Eski Endülüs ve yeni Filistin her ikiside şuna şahittirler ki; İslam bir yerden çıkarılıp, köklerinden söküldüğünde burada artık net dil ve ne de milliyet kalır.
"Hayır! Rabbine andolsun ki onlar, aralarında çıkan çekişmeli işlerde seni hakem yapıp, sonra da verdiğin hükme, içlerinde hiçbir sıkıntı duymaksızın, tam bir teslimiyetle boyun eğmedikçe iman etmiş olmazlar.”
(Nisa, 65)
Cehalet yerine ilimden, noksanlık yerine kemalden, zafiyet yerine kudretten, heva yerine hikmetten kaynaklanan ve ilahi nizama dayanan bir tecrübeyi başlatmak gerekir. Ki bunlar, bütün insanlığın kullara kul olmaktan kurtulup yalnızca Yüce Allah'a kul olması esasına dayanır.
Açık bir şekilde anlaşılmaktadır ki İslam; materyalist uygarlığın zinciriyle sürüklenen insanlığı, çevresini kuşatan yıkıcı tehlikelerden kurtarmaya, insanlığın doğasına ve gerçek ihtiyaçlarına uygun bir sistem sunmaya, insanın maddi ilerleyişi ile manevi yükselişi arasındaki uyumu tesis etmeye tek başına muktedirdir. Öyle ki insanlık tarih boyunca İslam haricinde bu uyumu tesis eden hiçbir sistem bilmemektedir.
Din, bilimin ve medeniyetin muadili olmadığı gibi bilimin ve medeniyetin düşmanı da değildir. Bilakis din, bilim ve medeniyetin çerçevesi ve aynı zamanda bilim ve medeniyetin merkez noktasıdır. Din, sınırları içerisinde ana hatları ve ekseniyle bilim ve medeniyet için hayatın bütün yönlerine hakim olan bir olan bir sistemdir.
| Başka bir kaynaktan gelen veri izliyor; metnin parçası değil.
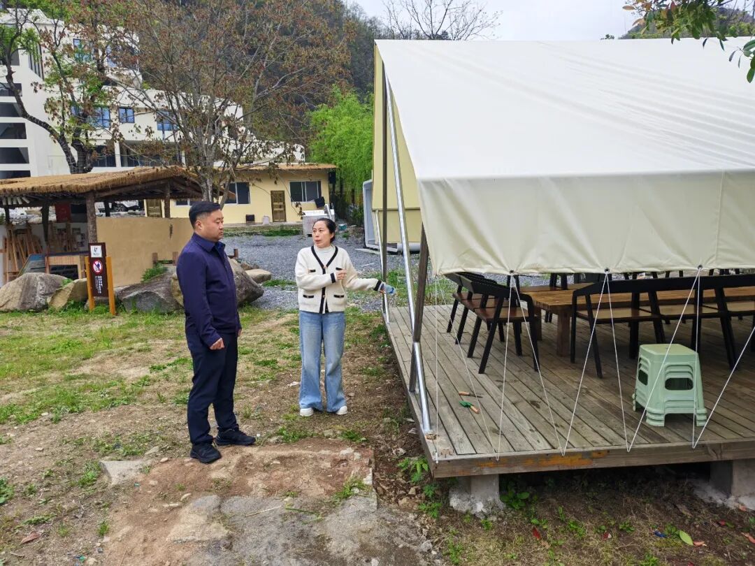4月20日,河鱼乡党委书记代忠相(左)到两扇门度假区查看民宿旅游旺季游客接待筹备及“五一”假期订房情况,详细查看客房设施、餐饮卫生、消防安全等细节,提出要以细节提升品质、以服务温暖人心。

Din, her ne kadar insan hayatından soyutlanmış yalnızca vicdani bir inanç haline gelmiş semavi bir dinin varlığı düşünülebilse de insan hayatının tüm alanlarından soyutlanmış vicdani bir inançtan ibaret değildir.
İnsanlar, Yüce yaratıcılarının sisteminden uzaklaştıktan sonra, kendi icatları olan çeşitli ideolojileri takip etmeye devam etmek zorunda kaldılar; görüldüğü üzere insanlık bugün sefil bir durumdadır. Daha acısı da içine düştükleri bu durumdan kurtulmak için bir çıkış yolu bulmaktan aciz durumda, fasit bir dairede çaresizlik içinde olmalarıdır.
Şayet kulluk yalnızca Allah'a yapılmıyorsa, bunun manası kullara kulluk yapılıyor demektir. Şüphesiz Allah katından gelen dinlerin tümü insanları kula kulluktan kurtarmak için gelmiştir.
"İnsanlar tek bir ümmetti. Allah, müjdeciler ve uyarıcılar olarak peygamberler gönderdi ve beraberlerinde, insanların anlaşmazlığa düştükleri şeyler konusunda, aralarında hüküm vermek üzere hak kitaplar indirdi.”